2. **Optimization**: Adjust learning rate, implement early stopping.
3. **Data Handling**: Enhance data augmentation, revise feature engineering.
4. **Training Approach**: Modifiy batch size and epoch strategy.
5. **Hyperparameter Tuning**: Conduct systematic hyperparameter optimization.

### Updated Model Architecture

In [None]:
from keras.layers import Embedding, Conv1D, Dropout, MaxPool1D, GlobalMaxPool1D, Dense
from keras.models import Sequential
from keras.callbacks import EarlyStopping, ModelCheckpoint
import keras.backend as K

# Clearing previous session!
K.clear_session()

model = Sequential()

# Embedding layer
model.add(Embedding(len(unique_x), 100, input_length=32, trainable=True))

# Convolutional Layer 1 - increased dropout
model.add(Conv1D(64, 3, padding='causal', activation='relu'))
model.add(Dropout(0.3))
model.add(MaxPool1D(2))

# Convolutional Layer 2 - consistent dropout to regularize
model.add(Conv1D(128, 3, activation='relu', dilation_rate=2, padding='causal'))
model.add(Dropout(0.3))
model.add(MaxPool1D(2))

# Convolutional Layer 3 - regularize
model.add(Conv1D(256, 3, activation='relu', dilation_rate=4, padding='causal'))
model.add(Dropout(0.3))
model.add(MaxPool1D(2))

# Global Max Pooling
model.add(GlobalMaxPool1D())

# Dense Layer - additional dropout layer
model.add(Dense(256, activation='relu'))
model.add(Dropout(0.3))
model.add(Dense(len(unique_y), activation='softmax'))
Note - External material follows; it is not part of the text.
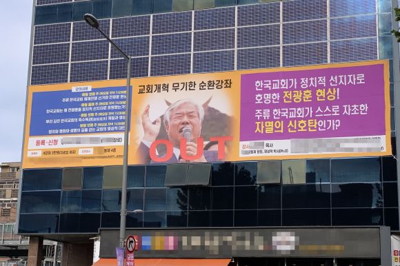 B 목사는 2022년 9월 한 강좌를 홍보하는 대형 현수막을 게시하면서 현수막 중앙에 전광훈 목사가 연설하는 얼굴 사진과 그 아래에 ‘OUT’이라는 붉은색 문구를 넣었다.

model.compile(loss='sparse_categorical_crossentropy', optimizer='adam', metrics=['accuracy'])

model.summary()


### Callbacks

In [None]:
early_stopping = EarlyStopping(monitor='val_loss', patience=5, verbose=1, mode='min')
model_checkpoint = ModelCheckpoint('best_model_updated.h5', monitor='val_loss', mode='min', save_best_only=True, verbose=1)

### Data Augmentation

In [None]:
def augment_sequence(sequence, max_shift=3):
    # Shift the sequence by a small integer amount for augmentation
    shift = random.randint(-max_shift, max_shift)
    augmented_sequence = sequence + shift
    augmented_sequence = np.clip(augmented_sequence, 0, len(unique_x) - 1)
    return augmented_sequence

# Augmenting the training data
x_tr_augmented = [augment_sequence(seq) for seq in x_tr]
y_tr_augmented = y_tr[:]

# Convert augmented data to numpy arrays
x_tr_augmented = np.array(x_tr_augmented, dtype='int32')

x_val = np.array(x_val, dtype='int32')
y_val = np.array(y_val, dtype='int32')

### Training

In [None]:
history = model.fit(x_tr_augmented, y_tr_augmented,
                    batch_size=128, # Adjusted batch size
                    epochs=100, # Incrased epochs
                    validation_data=(x_val, y_val),
                    verbose=1,
                    callbacks=[early_stopping, model_checkpoint])

### Analysis of Second Iteration Model

#### Overview
The model's training results over 42 epochs before early stopping.

#### Observations
**Moderate Learning:** The model showed moderate learning capability with some improvements in loss and accuracy, but not significant.
**Generalization Gap:** There is a noticeable gap between training and validation performance, suggesting issues with generalization.
- **Best Model Consideration**: The model saved at epoch 37 is likely the best model to use because it has the lowest validation loss.
  - Loss = 3.11492
  - Accuracy = .5032

### Conclusion
The model has shown some learning capability, but there is significant room for improvement, especially with generalization to validation data.

### Load Best Model

In [None]:
model = load_model('best_model_updated.h5')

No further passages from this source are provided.